Embrace the negative for within its crusty shell lies a pearl waiting to be discovered

As Ralph Waldo Emerson said way back in 1841 in his essay titled Compensation, nature has polarity in everything. You can’t have one end without the other.   Nature has seasons, cycles, north/south. Remember, a battery requires both positive and negative to harness energy.   Having both positive and negative, as appropriate, is part of a positive mental attitude.

Recently, I had a visitor to my house. In our yard is a large pot that my wife has made into a fish pond.   Sometimes the pond’s little fountain directs a trickle of water over the edge, slowly and discreetly draining the pond. Our visitior saw the pond and said, “What a lovely idea, half filling a pot and making it into a fish pond”. I looked at it and said, “The pond is half empty”.   It’s all a matter of perspective, and, if I didn’t stop the water draining, the pond would have been totally empty!   I often see problems, things that are wrong, out of place. Does that mean I’m negative? “Hey Rod, you always seem to spot what’s wrong. Why can’t you see what’s right?” I do see what’s right, it’s the part that’s not wrong!   And usually, what’s right doesn’t need fixing!

Fortunately, I was able to see what was wrong with being ‘treated’ for depression.   Depression is not an illness, it’s a symptom. Once I saw what was wrong, I was able to work on fixing it. And here I am now helping others. What a positive.

Over the years I’ve grown sick and tired of hearing people say, “Are you a glass half full person or a glass half empty person” in a lame attempt to coerce others to their way of thinking.   Usually, these people don’t even come close to meeting their own lofty standards.   Happy to demand others live a particular way whilst not having their own life in order. When I encounter them, my bullshit meter goes off the scale!   Trying to “be positive” all the time defies nature’s polarity!

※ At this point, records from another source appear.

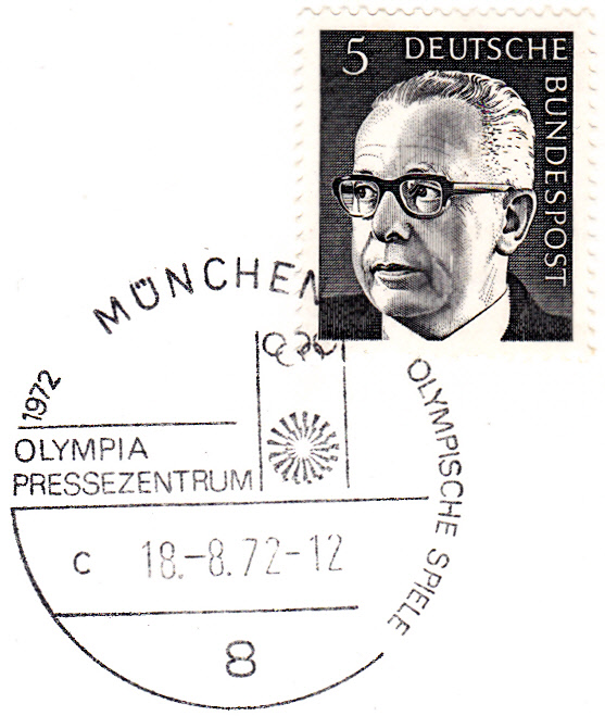 Hier ein Sonderstempel "Olympia Pressezentrum" vom 12.8.1972 mit Uhrzeit und dem Kennbuchstaben "e".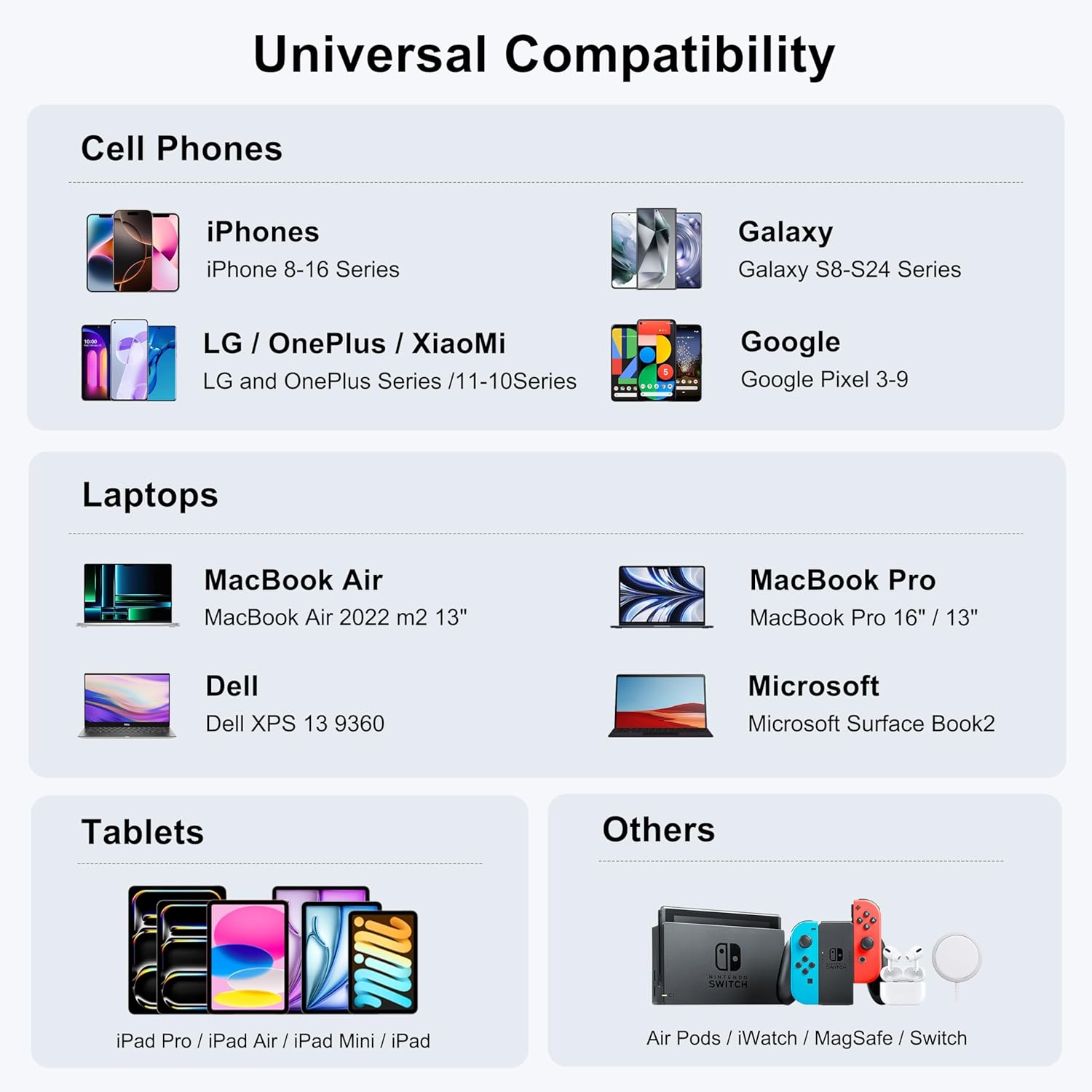 - ⚡【Universal Compatibility】Say goodbye to your old chargers, this USB C charging station meets your daily charging needs. USB C Fast Charger Block compatible with MacBook Pro MacBook Air MacBook iPhone 16/16 Plus/16 Pro/16 Pro Max iPhone 15/15 Plus/15 Pro/15 Pro Max iPhone 14/14 PRO/14 PRO MAX/13/ 13 Mini/ 13 Pro/ 13 Pro Max iPhone 12/ 12 Mini/ 12 Pro/ 12 Pro Max/ XS/ XS Max/ XR/ X/ 11/ 11 Pro/ 11 Pro Max/ Samsung Galaxy S23 Ultra/ S22/ S21+/ S21/ S21 Ultra/ S21 FE/ S20+/ S20/Dell XPS 15/ 13 Google Pixel iPad Pro iPad Mini Series/ iPad Air Series AirPods Pro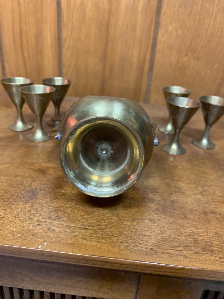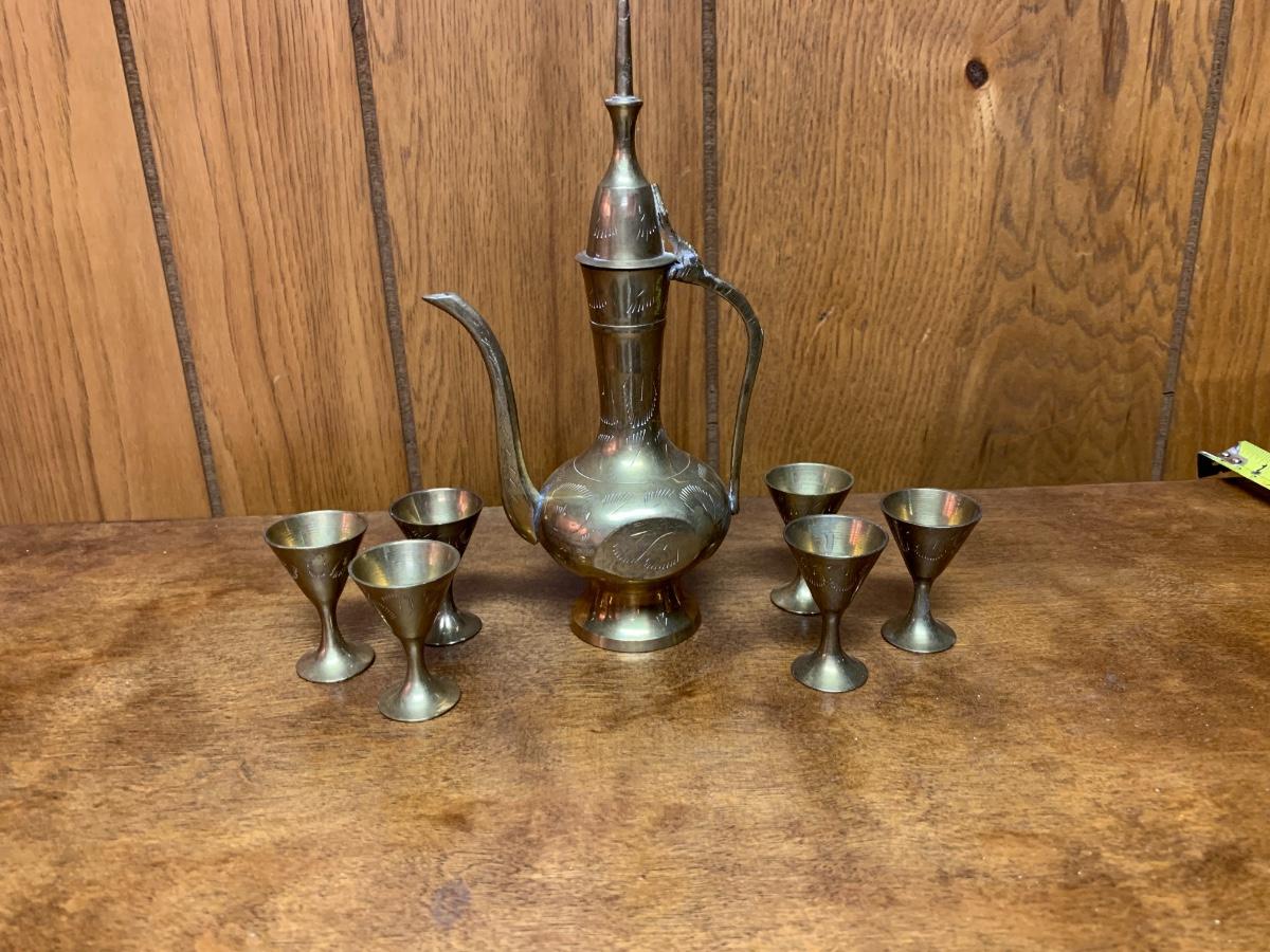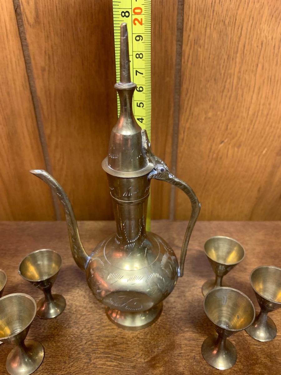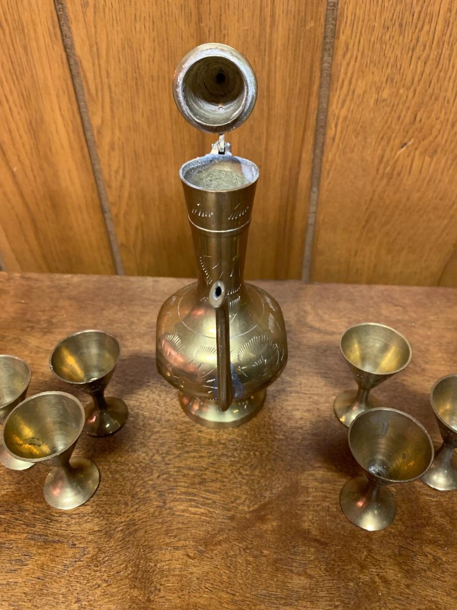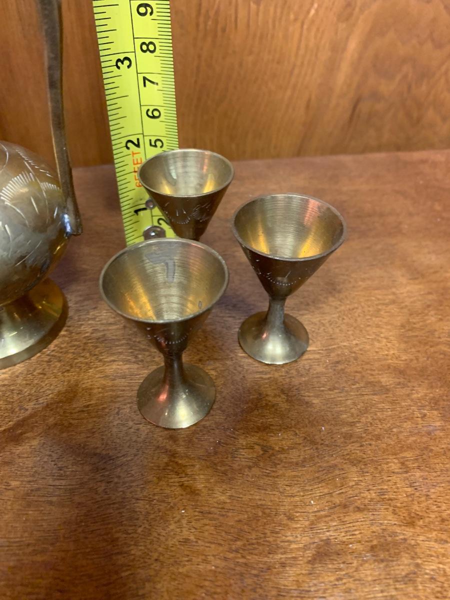 Vintage 8" brass ewer wtih tiny cups. Decorative.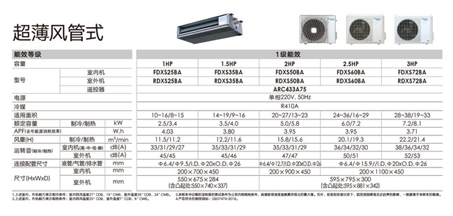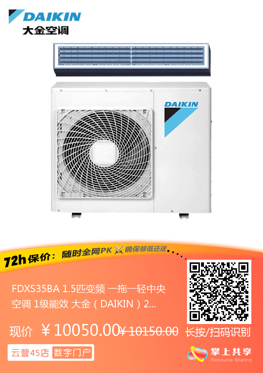 FDXS35BA 1.5匹变频 一拖一轻中央空调 1级能效 大金(DAIKIN)20cm超薄 遥控 带WIFI

The phrase, “The Glass is Half Empty” has been stolen and misrepresented. I’m stealing it back. There is nothing wrong with identifying when the glass is half empty.   And I’ve found that there is much to be learnt in embracing the negative.  Of course, sometimes the glass is half full.   You just have to know which is which.

What in your life has been stolen that you’d like back? A great holiday spot, stolen by a bad experience?   A nice tasting meal, that was once made by an ex-spouse?   A song? Whatever it is, steal it back and Discover Peace of Mind.

Now, I’ve got to work out how & when to change the heading of my blog. My diary is half full, or is it half empty?